Пуаро взглянул миссис Бэнкс в глаза и ласково, словно говорил с ребёнком, начал:
— Madame Бэнкс, о чём вы всё время думаете, но не решаетесь сказать? Нечто, — или некто, — вызывает у вас столь глубокий страх, что вы бледнеете, едва вспоминаете об этом. Но вы молчите, во многом из-за брата.
Миссис Бэнкс протестующим жестом подняла руку, но Пуаро опередил её:
— Я далёк от того, чтобы предполагать, что вы боитесь monsieur Мэнсфилда. Quelle absurdité! Он — любящий и заботливый брат, ясно, что он искренне беспокоится о вас и готов на всё, чтобы вам помочь. И всё же, его присутствие накладывает на ваши уста печать. Отчего, madame Бэнкс?
Пока Пуаро говорил, миссис Бэнкс сидела, опустив голову, а когда снова посмотрела на нас, я увидел, что её глаза полны слёз.

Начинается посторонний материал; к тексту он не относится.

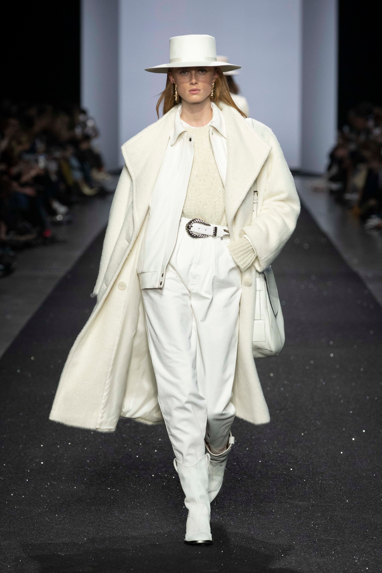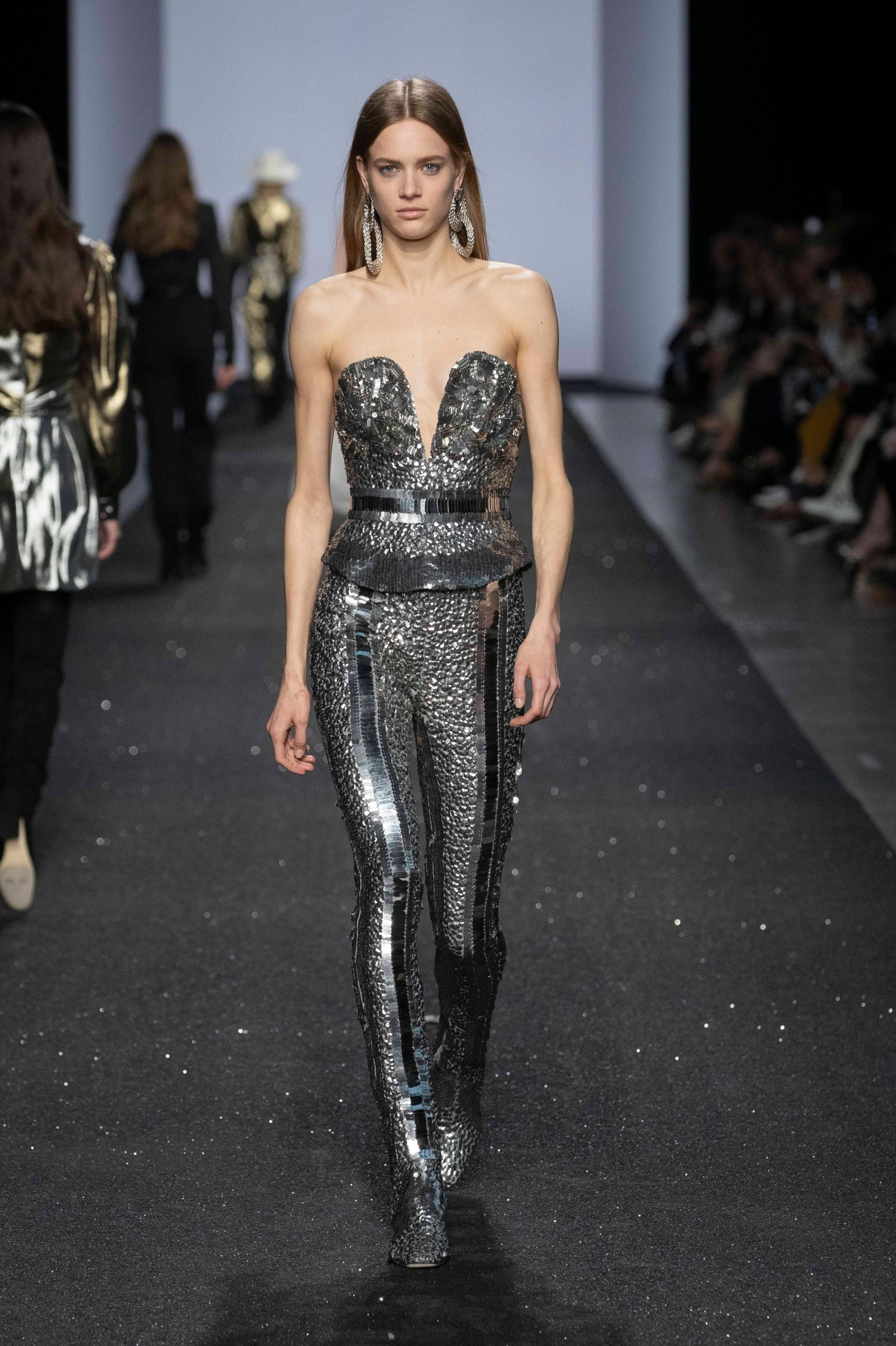 A bordo passerella, mentre sfilano le dive in lamé e in camicie di lurex a ruches immaginate dalla sorella Alberta (foto sopra e sotto), Massimo Ferretti, ceo del gruppo Aeffe quotato alla Borsa di Milano, aggrotta la fronte, preoccupatissimo: “Dobbiamo farci sentire in modo molto udibile, lanciare un messaggio chiaro, noi della moda italiana. Non c’è solo la congiuntura, e nemmeno il timore dei dazi di Trump: in questo momento, purtroppo, il nostro paese non è amato”. E questo si ripercuote sul business in modo fin troppo evidente.

— Вы правы, — очень тихо вымолвила она. — Правы во всём. Джон — лучший брат на свете, если бы не он, всё это свело бы меня в могилу. Но он боится, что… что болезнь вернётся, и не хочет, чтобы я погружалась в мысли о том, что тогда случилось.
— Когда, madame Бэнкс? Когда вы были ребёнком, как Джейн?
Миссис Бэнкс кивнула.
— Что произошло? С вами были жестоки?
— Меня похитили, мистер Пуаро. Прямо из детской, из моей постели.
— Кто?
— Я почти ничего не помню. Помню только, что его звали Питер. Помню деревья, очень высокие. Возможно, то был парк или лес. Там были и другие дети, много детей, их тоже украл Питер. Помню огни, какой-то сверкающий серебристый порошок — возможно, какое-то одурманивающее вещество, — из-за него казалось, что становишься лёгким, словно мыльный пузырь, и летишь. Помню, что мы прятались от взрослых, что я рассказывала остальным сказки, чтобы не было так страшно, и они звали меня мамой. Но это всё.
— Вы помните, как вернулись домой?
Миссис Бэнкс покачала головой. Теперь она, не таясь, плакала.
— Однажды утром я просто проснулась в своей кровати. Возле меня сидела измученная мама. Увидев, что я очнулась, она заплакала, обняла меня, так крепко, как никогда раньше, и всё твердила, что я её девочка, что больше со мной не случится ничего плохого, и больше она меня никому не отдаст.